Start by ⭐️ starring lakeFS open source project.
This repository includes following Jupyter Notebooks which you can run on your local machine:
- Airflow Demo Existing DAG:
- Integration of lakeFS with Airflow
- Use Case: Isolating Airflow job run and atomic promotion to production
- Airflow Demo New DAG:
- Integration of lakeFS with Airflow
- Use Case: Troubleshooting production issues
- Hooks Airflow Demo:
- Integration of lakeFS with Airflow via Hooks
- Use Case: Isolated Ingestion & ETL Environment
- Airflow DAG Versioning Demo:
- Integration of lakeFS with Airflow via Hooks
- Use Case: Versioning DAGs and running pipeline from hooks using a configurable version of DAGs
- Databricks:
- Integration of lakeFS with Airflow and Databricks
- Use Case: Run Databricks notebook via Airflow DAG
- Iceberg:
- Integration of lakeFS with Airflow and Iceberg
- Use Case: Isolating Airflow job run and atomic promotion to production
- Docker installed on your local machine
- lakeFS installed and running on your local machine or on a server or in the cloud.
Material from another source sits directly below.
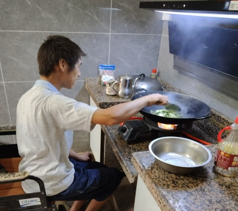 图为江华县沱江镇万石洞村智力残疾人谢祥德,该户“一户三残”,其母亲郑玉翠因小腿截肢无法行走,需要其父亲(视力残疾)及弟媳在家照顾,县残联通过家改工作入户了解情况后,为其家庭安装了低位灶台,为郑玉翠定制了假肢,解决了郑玉翠行走问题及做饭难问题,其儿媳也可放心去广东打工,增加了家庭收入

If you don't have lakeFS already running then either use lakeFS Playground which provides lakeFS server on-demand with a single click or refer to lakeFS Quickstart doc.
-
Start by cloning this repository:
git clone https://github.com/treeverse/lakeFS-samples && cd lakeFS-samples/01_standalone_examples/airflow-01
-
Run following commands to download and run Docker container which includes Python, Spark, Jupyter Notebook, JDK, Hadoop binaries, lakeFS Python client and Airflow (Docker image size is around 4.5GB):
docker build -t lakefs-airflow-integration-demo . docker run -d -p 18888:8888 -p 14040:4040 -p 8080:8080 --user root -e GRANT_SUDO=yes -v $PWD:/home/jovyan -v $PWD/jupyter_notebook_config.py:/home/jovyan/.jupyter/jupyter_notebook_config.py --name lakefs-airflow-integration-demo lakefs-airflow-integration-demo
-
Open JupyterLab UI http://127.0.0.1:18888/ in your web browser.
Once you have successfully completed setup then open any notebook from JupyterLab UI and follow the instructions.